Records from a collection

———

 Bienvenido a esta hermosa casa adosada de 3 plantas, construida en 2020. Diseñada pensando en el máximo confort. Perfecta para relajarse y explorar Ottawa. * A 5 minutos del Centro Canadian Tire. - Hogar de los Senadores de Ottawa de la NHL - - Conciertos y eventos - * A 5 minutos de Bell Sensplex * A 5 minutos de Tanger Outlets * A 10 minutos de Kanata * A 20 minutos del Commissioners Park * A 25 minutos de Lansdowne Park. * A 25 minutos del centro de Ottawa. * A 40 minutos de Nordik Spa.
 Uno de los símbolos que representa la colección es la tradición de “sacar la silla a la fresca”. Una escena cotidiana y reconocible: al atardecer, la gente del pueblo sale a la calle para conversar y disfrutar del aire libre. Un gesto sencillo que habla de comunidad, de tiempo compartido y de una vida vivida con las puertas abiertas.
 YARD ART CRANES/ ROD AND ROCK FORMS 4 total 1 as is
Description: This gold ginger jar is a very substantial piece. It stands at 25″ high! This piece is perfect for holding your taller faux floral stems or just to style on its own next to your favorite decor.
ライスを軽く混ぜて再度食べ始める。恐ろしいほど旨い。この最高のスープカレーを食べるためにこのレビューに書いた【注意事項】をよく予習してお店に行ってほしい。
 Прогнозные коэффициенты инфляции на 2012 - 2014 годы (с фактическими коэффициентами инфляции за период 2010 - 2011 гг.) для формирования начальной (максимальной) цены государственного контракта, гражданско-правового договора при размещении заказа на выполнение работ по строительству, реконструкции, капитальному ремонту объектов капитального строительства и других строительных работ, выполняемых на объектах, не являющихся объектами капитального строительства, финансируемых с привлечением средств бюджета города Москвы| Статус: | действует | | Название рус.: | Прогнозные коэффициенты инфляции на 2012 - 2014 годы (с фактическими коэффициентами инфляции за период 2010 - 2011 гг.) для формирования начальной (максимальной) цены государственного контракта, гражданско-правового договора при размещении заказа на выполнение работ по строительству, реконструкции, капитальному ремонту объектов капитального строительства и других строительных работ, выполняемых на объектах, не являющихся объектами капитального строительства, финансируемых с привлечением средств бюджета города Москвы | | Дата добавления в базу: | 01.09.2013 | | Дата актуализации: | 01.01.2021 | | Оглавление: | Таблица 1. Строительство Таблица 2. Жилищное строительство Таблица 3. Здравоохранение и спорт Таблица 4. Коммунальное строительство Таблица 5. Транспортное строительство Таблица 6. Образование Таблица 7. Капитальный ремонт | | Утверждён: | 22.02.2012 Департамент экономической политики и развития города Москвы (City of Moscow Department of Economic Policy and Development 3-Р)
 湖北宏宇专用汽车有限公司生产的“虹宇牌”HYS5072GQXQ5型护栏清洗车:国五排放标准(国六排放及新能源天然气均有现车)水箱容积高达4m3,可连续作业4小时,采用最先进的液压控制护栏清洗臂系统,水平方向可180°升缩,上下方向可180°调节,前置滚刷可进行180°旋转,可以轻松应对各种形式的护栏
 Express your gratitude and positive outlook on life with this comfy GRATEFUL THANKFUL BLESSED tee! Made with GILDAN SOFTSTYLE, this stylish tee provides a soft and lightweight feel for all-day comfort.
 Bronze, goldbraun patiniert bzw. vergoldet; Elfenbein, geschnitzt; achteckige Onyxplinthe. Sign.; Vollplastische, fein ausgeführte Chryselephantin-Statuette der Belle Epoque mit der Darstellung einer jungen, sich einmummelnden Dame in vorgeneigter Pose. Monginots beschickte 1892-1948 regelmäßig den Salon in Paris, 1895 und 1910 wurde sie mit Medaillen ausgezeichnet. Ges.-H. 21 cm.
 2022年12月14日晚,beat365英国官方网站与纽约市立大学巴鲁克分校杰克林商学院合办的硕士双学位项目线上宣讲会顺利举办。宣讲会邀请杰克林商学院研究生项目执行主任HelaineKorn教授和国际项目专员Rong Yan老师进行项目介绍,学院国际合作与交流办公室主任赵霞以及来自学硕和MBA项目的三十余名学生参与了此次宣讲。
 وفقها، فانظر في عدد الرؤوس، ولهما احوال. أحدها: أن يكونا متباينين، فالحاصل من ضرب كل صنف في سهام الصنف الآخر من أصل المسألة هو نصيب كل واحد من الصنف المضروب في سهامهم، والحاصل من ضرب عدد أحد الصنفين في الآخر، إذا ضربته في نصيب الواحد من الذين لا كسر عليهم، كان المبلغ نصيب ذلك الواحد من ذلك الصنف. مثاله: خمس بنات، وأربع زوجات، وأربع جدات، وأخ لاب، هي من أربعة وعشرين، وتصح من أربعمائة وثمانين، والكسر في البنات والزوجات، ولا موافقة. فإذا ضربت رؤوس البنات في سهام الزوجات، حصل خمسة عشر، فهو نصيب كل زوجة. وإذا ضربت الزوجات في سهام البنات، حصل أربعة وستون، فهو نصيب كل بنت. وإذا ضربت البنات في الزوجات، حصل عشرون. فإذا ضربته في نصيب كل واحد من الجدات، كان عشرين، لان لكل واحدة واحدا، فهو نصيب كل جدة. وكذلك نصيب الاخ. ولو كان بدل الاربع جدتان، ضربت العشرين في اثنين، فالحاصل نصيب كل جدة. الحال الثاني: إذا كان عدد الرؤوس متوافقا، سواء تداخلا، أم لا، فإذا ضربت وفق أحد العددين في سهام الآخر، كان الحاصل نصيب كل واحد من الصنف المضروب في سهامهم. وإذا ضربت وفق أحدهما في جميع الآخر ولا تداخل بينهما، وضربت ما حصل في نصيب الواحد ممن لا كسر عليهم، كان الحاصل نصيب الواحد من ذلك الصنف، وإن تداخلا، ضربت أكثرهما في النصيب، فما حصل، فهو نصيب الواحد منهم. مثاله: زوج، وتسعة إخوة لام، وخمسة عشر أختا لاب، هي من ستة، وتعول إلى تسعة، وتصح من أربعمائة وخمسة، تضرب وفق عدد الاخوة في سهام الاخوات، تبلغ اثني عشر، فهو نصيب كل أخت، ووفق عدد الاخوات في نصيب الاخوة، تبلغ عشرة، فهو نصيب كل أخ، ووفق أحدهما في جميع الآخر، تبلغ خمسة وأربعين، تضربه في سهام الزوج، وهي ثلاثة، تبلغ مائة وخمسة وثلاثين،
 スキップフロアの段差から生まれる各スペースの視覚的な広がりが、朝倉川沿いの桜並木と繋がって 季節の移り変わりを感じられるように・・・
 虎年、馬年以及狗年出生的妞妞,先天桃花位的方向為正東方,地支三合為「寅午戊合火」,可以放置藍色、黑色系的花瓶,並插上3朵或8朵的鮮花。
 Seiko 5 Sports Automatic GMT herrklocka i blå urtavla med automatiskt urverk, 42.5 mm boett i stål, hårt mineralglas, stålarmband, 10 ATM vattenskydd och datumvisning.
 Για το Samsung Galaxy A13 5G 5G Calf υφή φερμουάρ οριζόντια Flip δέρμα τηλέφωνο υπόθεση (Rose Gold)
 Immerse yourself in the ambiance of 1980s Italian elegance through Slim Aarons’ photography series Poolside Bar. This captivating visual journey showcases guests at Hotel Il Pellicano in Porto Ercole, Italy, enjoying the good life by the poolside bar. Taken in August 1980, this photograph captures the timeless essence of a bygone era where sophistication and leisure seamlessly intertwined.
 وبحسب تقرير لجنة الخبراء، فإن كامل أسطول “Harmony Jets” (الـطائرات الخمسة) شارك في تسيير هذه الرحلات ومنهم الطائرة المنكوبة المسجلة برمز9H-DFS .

———

> _AIM OF THE EXERCISE_
The answer should be one number, the count of lines in the data that include the string "life".

> _OUTPUT BELOW_
2